This section has background for several terms used by Einstein.

Galileo defined a basic understanding of simple motion on Earth.

He observed free fall acceleration.

When an object was released from a height above Earth's surface, it would accelerate at the same rate, regardless of its mass.

He is assigned credit for the Galilean transformation, which is simply that vectors of velocities are additive.

A simple story explains it.

If a cannon on a ship can fire a cannon ball at a constant velocity, then the velocity of a ball is affected by the motion of the ship carrying the cannon firing the ball.

If the cannon is pointed in the direction of motion, like over the bow, then the ball gets an increase in its velocity, from the ship.

If the cannon is pointed opposite, like over the stern, then the ball gets a decrease in its velocity.

Galileo just explained something which is rather intuitive.

It is important to note that this observation is with objects in motion having a particular velocity.

If the ship had a very long fuse to light the cannon and it burned at the constant rate of 1 foot or 1 meter per hour, its rate of burning in any direction is unaffected by the motion of the ship.
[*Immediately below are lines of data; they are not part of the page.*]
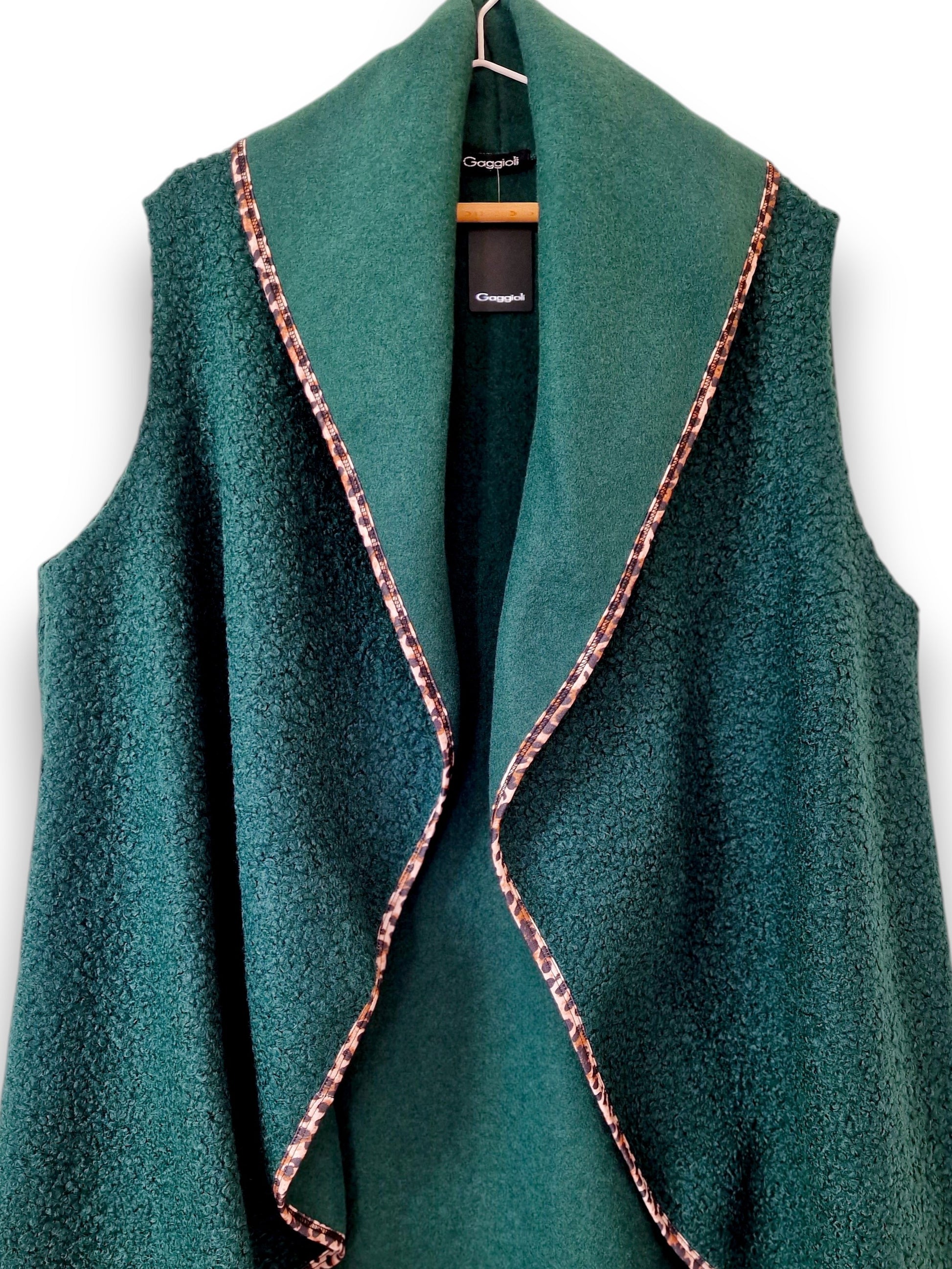 Scopri il nostro Maxi Gilet Taglie Forti Licia, un capo versatile e confortevole, perfetto per questa stagione. Realizzato in tessuto di lana cotta con un grande collo sciallato a contrasto e bordatura in tessuto maculato. Questo gilet offre grande vestibilità e stile. La bordatura e la particolarità del taglio aggiungono un tocco raffinato e casual al tuo look quotidiano.
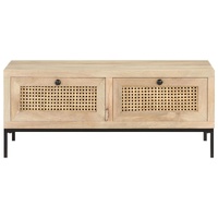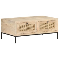 $253.88If you're looking for a simple touch of rustic charm to add to your interior decor, this solid mango wood coffee table is here! Solid mango wood is a tropical hardwood. It on the one hand has the strength to bear the weight, and on the other hand stands the wear and tear of time. Additionally, the exquisite craftsmanship and beautiful wood grains make every piece of couch tables slightly different from the next. The side table is equipped with ample storage room, so you can display or keep any items you'd like well organised. The steel base contributes to its sturdiness and stability. What's more, the end table features hand-woven cane patterns on the drawers, adding to its rustic charming. Important note: The colours vary from piece to piece, making each wooden living room table unique.
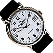Stainless steel case (34mm), caribou black leather strap, white dial with Arabic numerals, date calendar at 3:00, sweep second hand, 21 jewel automatic movement, 42 hour power reserve, sapphire crystal, water resistant to 30 meters. Swiss made. Also availible with brown strap. Please specify band color preferred when ordering.
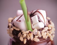 Verser le milkshake et décorer de marshmallow, de chocolat fondu et servir avec une paille.
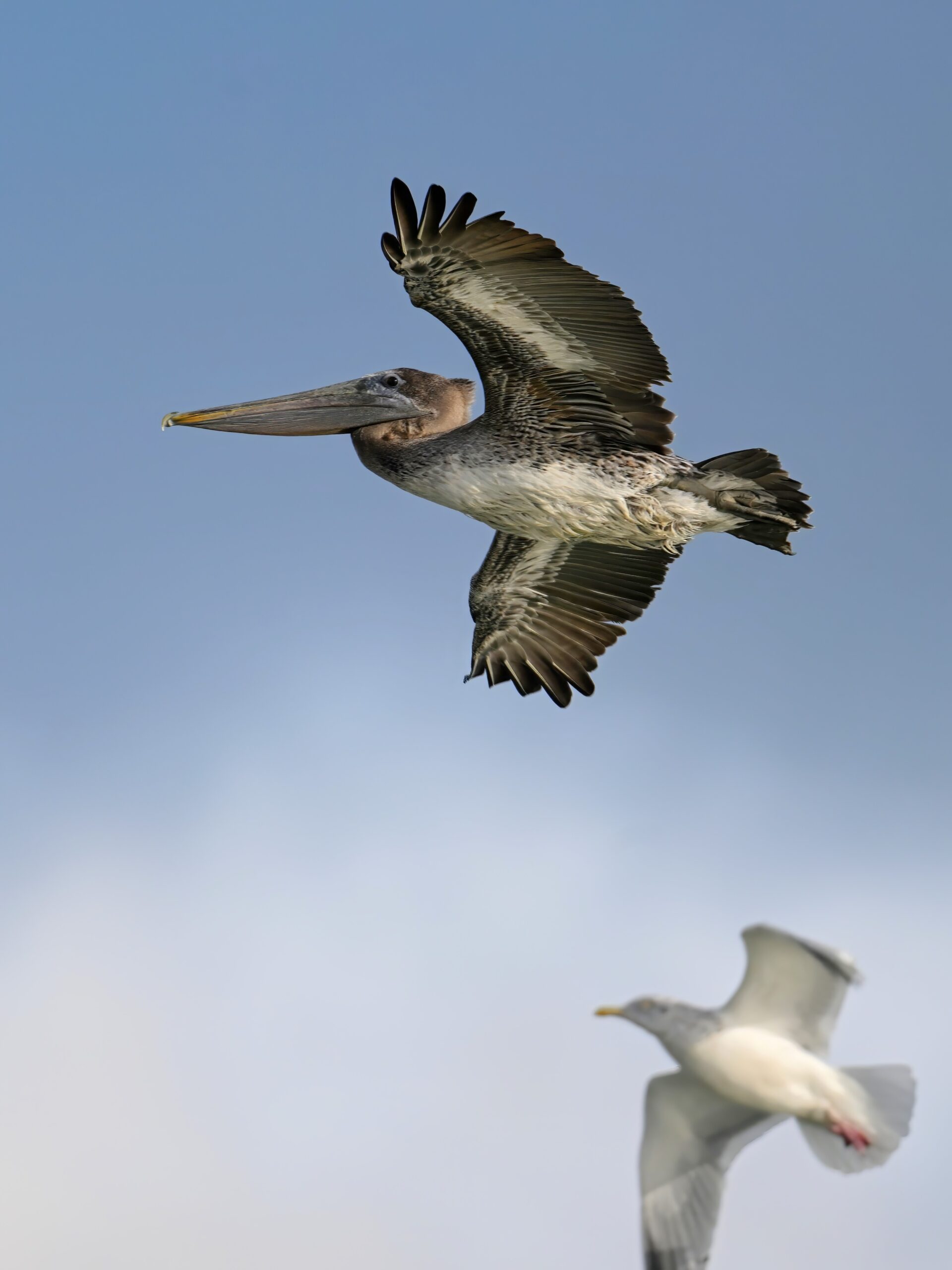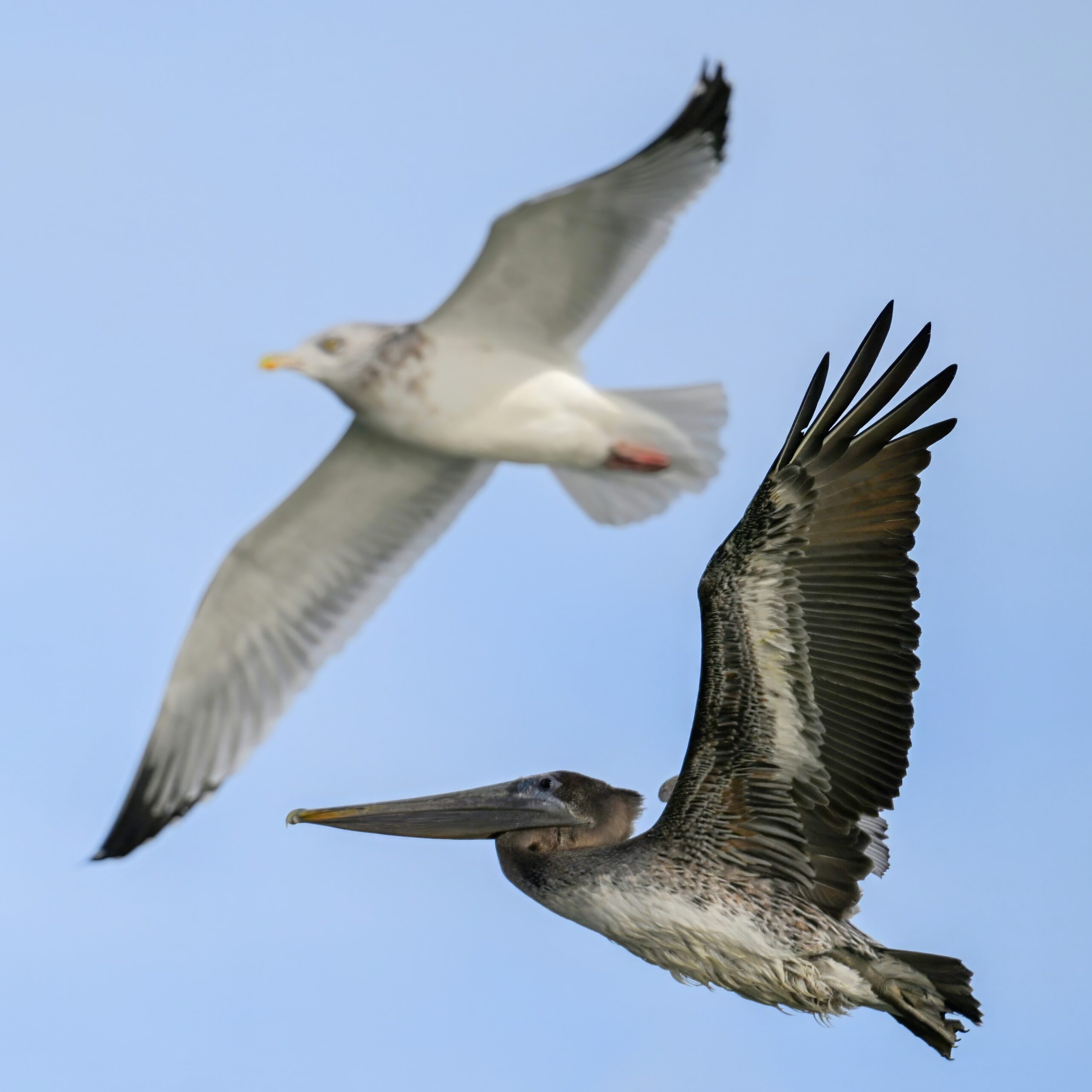 Visual ID plus preening would have been “great enough,” but the gulls soon startled, taking flight, the pelican among them. A lucky occurrence for sure.
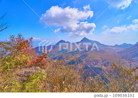 秋の群馬県 榛名山(烏帽子ヶ岳)の山頂から南東側の眺望(相馬山,二ツ岳,蛇ヶ岳など)
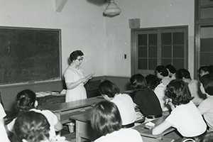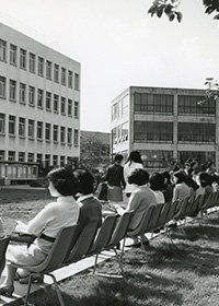 入学定員250名で始まった本学でしたが、1962年、児童教育科増設、文科の国文科と英文科改組、1966年には教養科の新設で、60年代の終わりには入学定員は700名となり、専攻科の学生も含めると2,000名を超える学生が在籍する大きな短大へと発展しました。
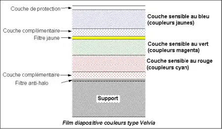Dans le cas général des diapositives de type Ektachrome (traitement E6), chacune des trois couches principales comporte des grains sensibles à la lumière qui forment une image négative. Celle-ci est inversée par voile chimique avant de faire agir les coupleurs qui formeront le colorant au cours du développement chromogène :

Its rate remains constant.

Isaac Newton described other things which were rather intuitive.

He described absolute time and absolute space. The 2 excerpts are from Wikipedia

According to Newton, absolute time exists independently of any perceiver and progresses at a consistent pace throughout the universe. Unlike relative time, Newton believed absolute time was imperceptible and could only be understood mathematically. According to Newton, humans are only capable of perceiving relative time, which is a measurement of perceivable objects in motion (like the Moon or Sun). From these movements, we infer the passage of time.

Since Newton's lifetime. we have agreed on the definition of 1 second, for a "consistent pace"  and developed atomic clocks to maintain an absolute time independent of all humans.
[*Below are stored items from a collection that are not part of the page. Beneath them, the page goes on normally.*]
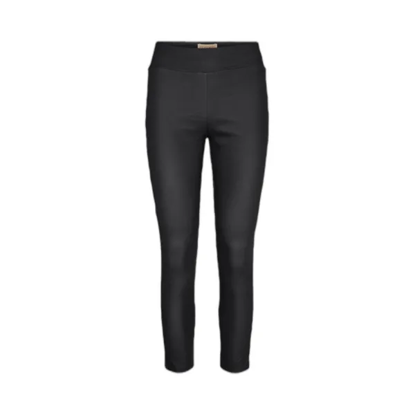 Damesbroek van Soyaconcept;Viscosemix met stretch;Super skinny fit;Model 'Pam';Leerlook;Brede band;Bandwijdte bij maat 36: 35 cm;Binnenbeenlengte bij maat 36: 69 cm
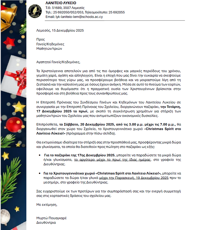 Πρόσκληση Γονέων Α΄ Λυκείου 10 Δεκεμβρίου 2025
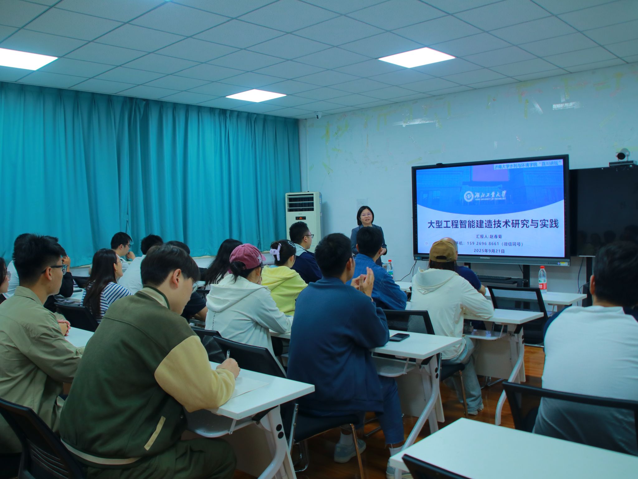 2025年9月21日下午,湖北工业大学土木建筑与环境公司赵春菊教授应邀作题为 “大型工程智能建造技术研究与实践”的学术报告。报告会由VSport体育经理助理边振主持。
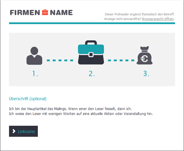 Geben Sie 'Betreff' und 'Absendername' Ihres Mailings ein. Beides wird im Posteingang des Abonnenten darüber entscheiden, ob er die Mail öffnet oder nicht.
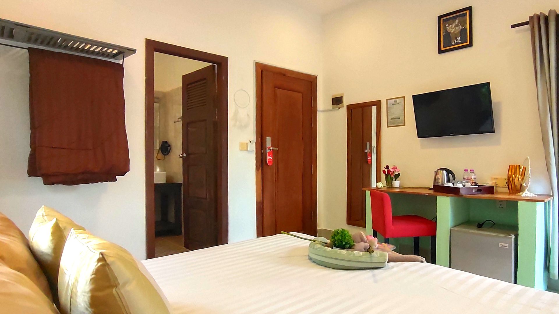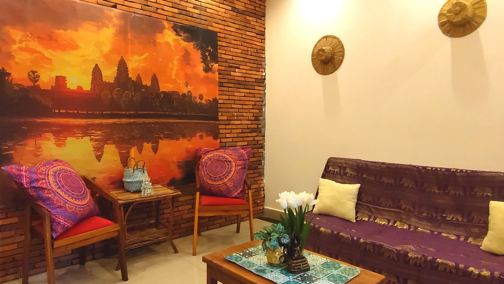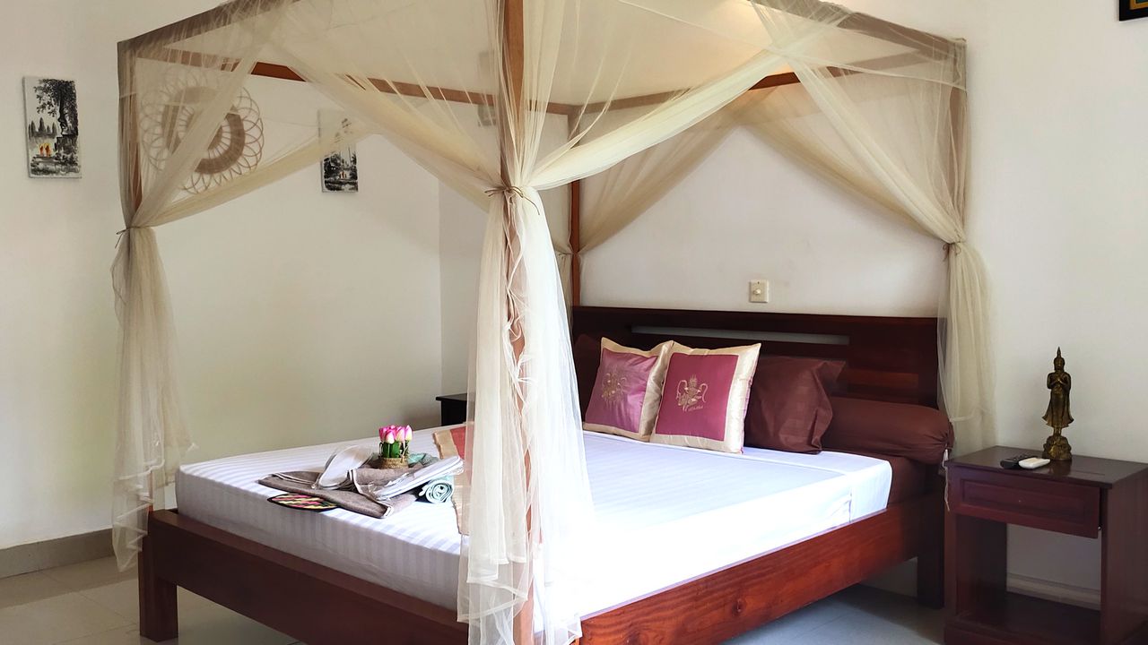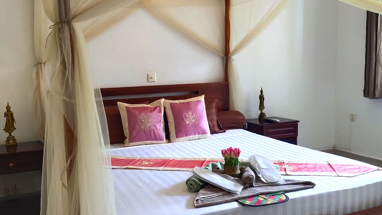 Located in Siem Reap, in front of the river, La Fontaine de Tara provides accommodations with an outdoor swimming pool, a garden, lounge bars, Sky bar. With free WiFi, our 4 stars hotel offers room service and front desk until midnight. Guests can enjoy Snacks and Drinks at the lounge bars and sky bar. At the hotel every room is equipped with air conditioning, private bathroom with a shower or a bathtub (in familial bedroom), free toiletries and a hairdryer. All rooms have an electric tea pot, a shared balcony and pool views. At La Fontaine de Tara, rooms are equipped with bed linen and towels.
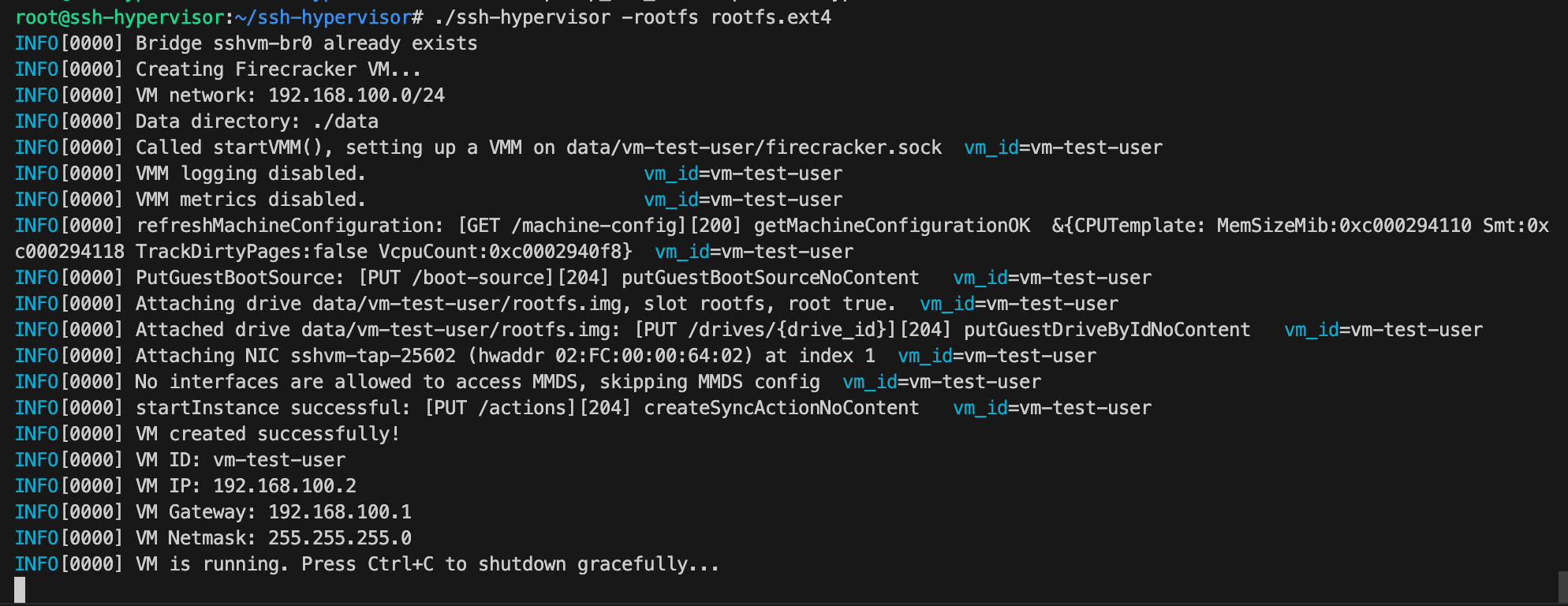 So now it’s working. I can run the binary with a provided rootfs (built from an Alpine image with customization) and it starts a full VM! I can see the serial logs too.

Wikipedia has a topic about Coordinated Universal Time. This technology can be used as Newton's absolute time.


When this transmission cannot be received in the future,  an observer could synchronize their devices,  and maintain a copy of that UTC,  like before launching a probe.
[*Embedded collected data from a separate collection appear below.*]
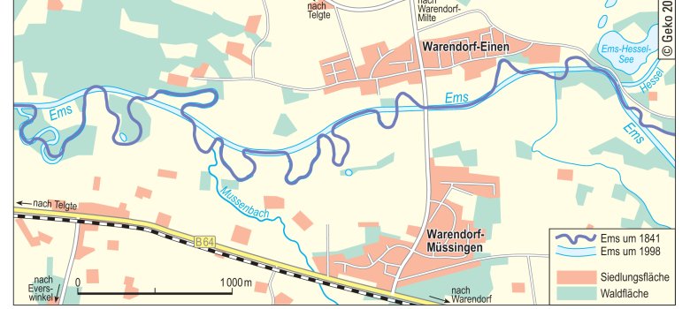 Das sehr geringe Gefälle der Ems und ihr sandiges, sehr leicht erodierbares Flussbett haben dazu geführt, dass sich der Flusslauf im Laufe der Zeit immer wieder änderte – vor allem nach Hochwasserereignissen. Die Flussaue wies daher ein äußerst abwechslungsreiches Relief auf, erschwerte jedoch auch den ansässigen Landwirten eine Bestellung der Felder.
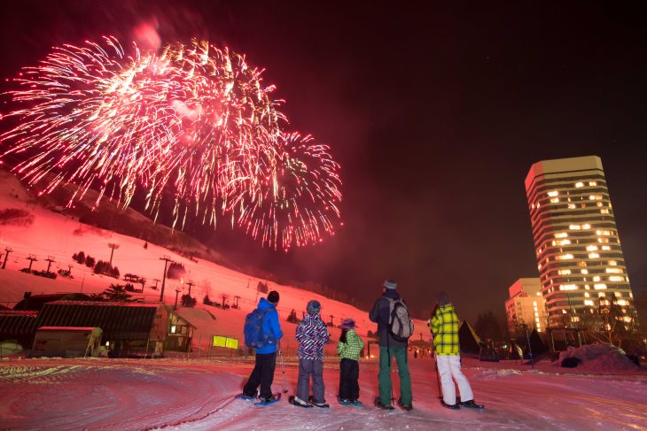 スキー場とホテルを合わせて約30店舗のレストランがあり、ラーメンやピザ、ケバブといった手軽なものから、焼肉、寿司、ブッフェ、居酒屋、中国料理などのゴージャスな食事まで幅広く楽しめる。バーやラウンジもあり、ゲレンデを眺めながらティータイムやオリジナルカクテルを楽しめる「カクテルラウンジシャトレーヌ」がおすすめ。女子同士やカップルでワンランク上の時間を過ごすことができる。また、山麓の苗場プリンスホテルは、宿泊者限定の「苗場の湯」、日帰り利用もできる露天風呂「火打の湯」の2つの温泉施設を完備。マッサージ・指圧ができる「リラックスケア」では、スキー・スノーボードの疲れを癒すことができる。12月下旬~3月下旬は毎週土曜に中心に「ゲレンデ打上花火」を開催。イベントが充実していることも苗場スキー場の魅力だろう。
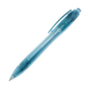 Stiskací kuličkové pero Q- Connect v modré barvě Vyrobeno ze 100% recyklovaných PET lahví Barva náplně: modrá Šíře stopy: 0,7 mm Množství v originálním balení: 10 ks

With current technology,  an observer will not use "hands on a clock" as done in 1905, when making precise space and time measurements.

Absolute space, in its own nature, without regard to anything external, remains always similar and immovable. Relative space is some movable dimension or measure of the absolute spaces; which our senses determine by its position to bodies: and which is vulgarly taken for immovable space ... Absolute motion is the translation of a body from one absolute place into another: and relative motion, the translation from one relative place into another ...
— Isaac Newton

In my view, absolute space is the universe having no observable limits and always similar and immovable, because no change in a feature could reveal motion.

So, absolute space it is just empty space.

However, this apparently infinite space has many objects unevenly distributed in this space. Those objects are what we see from Earth and have fascinated astronomers for countless generations.

Newton also described inertia, or matter at rest tends to stay at rest, and matter in motion tends to stay in motion.

One must apply a force to start a stationary object moving, and one must apply a force to change or stop its motion.  Friction is a force.

Newton defined a force is required to affect this inertia, with a simple equation, F = ma, where Force = Mass times acceleration.

Maintaining a force for a time results in a known velocity, where velocity = acceleration multiplied by the time of the sustained force.

Newton defined the fundamental force of gravity, which acts simultaneously, and instantaneously on the 2 masses.

Newton's force of gravity has a simple format ( where x is multiplied by):

F = G x (m1 x m2) / r^2

where m1 and m2 are the two masses, r is the distance between them, and G is the gravitational constant, which accommodates any effect from the medium between the masses, and defines the transition of the ratio of m^2/r^2 to a force.

The masses are multiplied because the force is mutual when acting on both simultaneously.

The distance  is squared because each mass deploys a field for its mass. This field diminishes linearly by distance.

Because each mass has its field diminishing by distance, then the mutual, simultaneous force between both masses over this distance is divided by the distance squared because the force dminishes by both distances, which is the mutual distance.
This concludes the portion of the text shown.